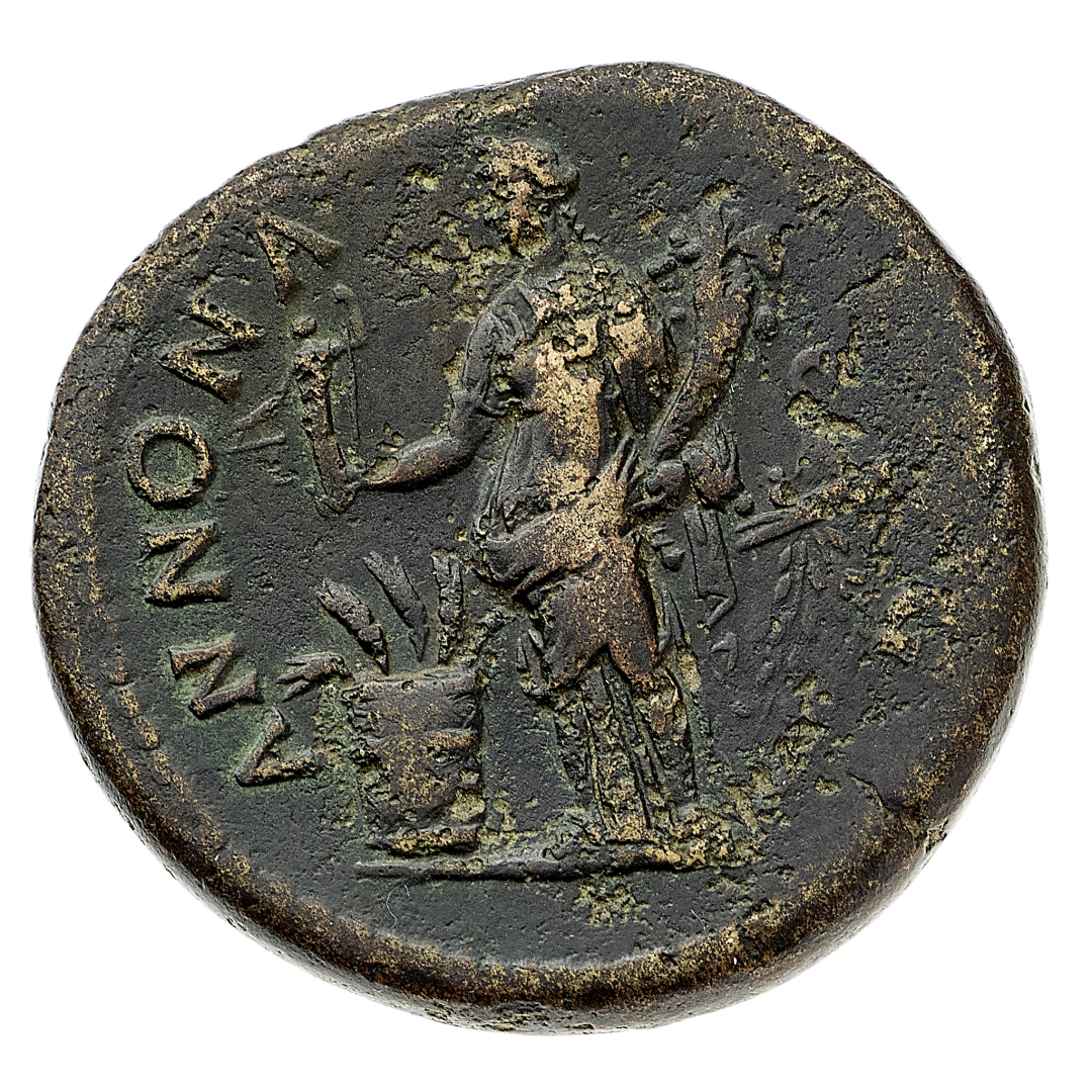 Sesterzio databile agli anni 80-81 d.C. - Zecca: Roma - Diritto: testa laureata dell'Imperatore a sinistra - Rovescio: l'Annona stante a sinistra tiene una cornucopia con la mano sinistra e statuetta dell'Aequitas con la destra; davanti, ai suoi piedi, un modius e dall'altro lato una poppa di nave - gr. 22,31 - Fondi lievemente ritoccati, BB
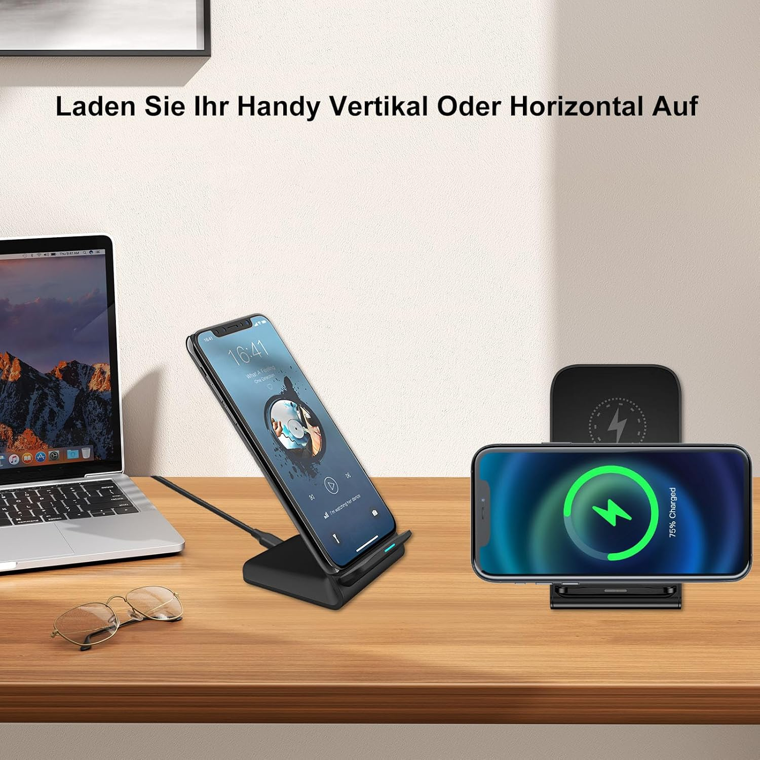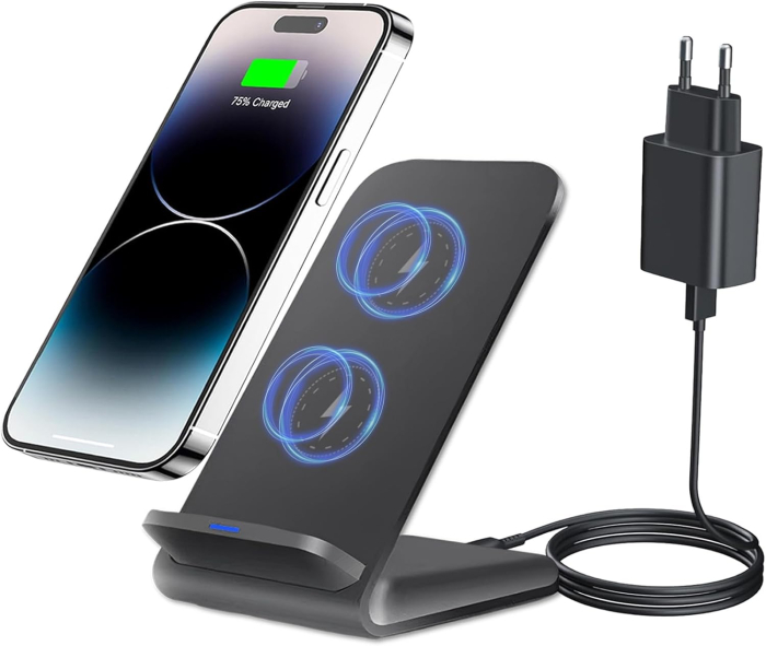 Incarcator Wireless 15W, Qi, USB-C, suport birou, adaptor priza inclus - GRAD A
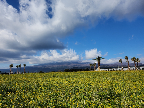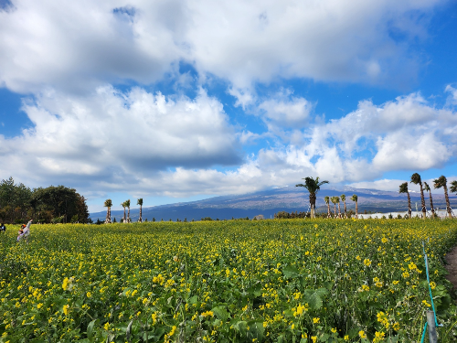 그리고!!!! 유채꽃밭 뒷쪽으로는 한라산도 보였는데요!
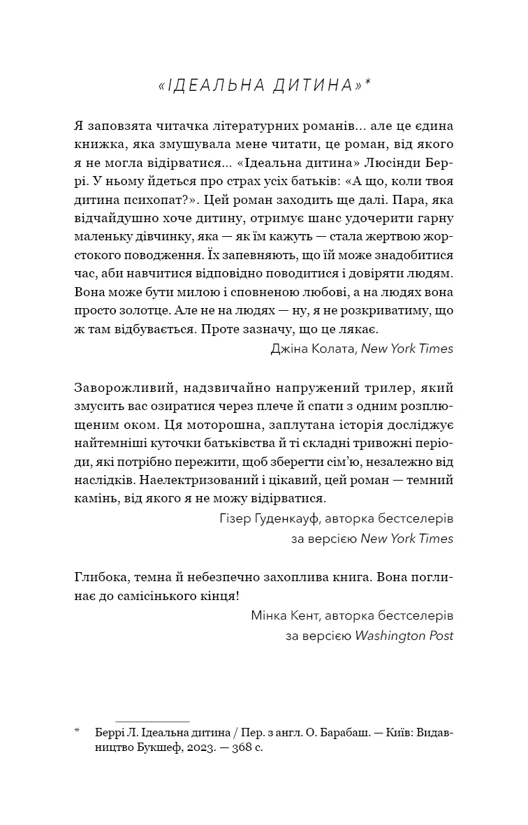 Люсінда Беррі, знана як експертка у сфері дитячої психології, дарує читачам ще одну глибоко емоційну та тривожну історію про дружбу, довіру та таємниці під фасадом благополуччя.
══════════════════════════════
What needs to be done:
Every line from the one with "Incarcator Wireless 15W, Qi, USB-C, suport" through the end of the material above should be restated word for word, with the pictures left out.

Answer to this problem:
 Incarcator Wireless 15W, Qi, USB-C, suport birou, adaptor priza inclus - GRAD A
 그리고!!!! 유채꽃밭 뒷쪽으로는 한라산도 보였는데요!
 Люсінда Беррі, знана як експертка у сфері дитячої психології, дарує читачам ще одну глибоко емоційну та тривожну історію про дружбу, довіру та таємниці під фасадом благополуччя.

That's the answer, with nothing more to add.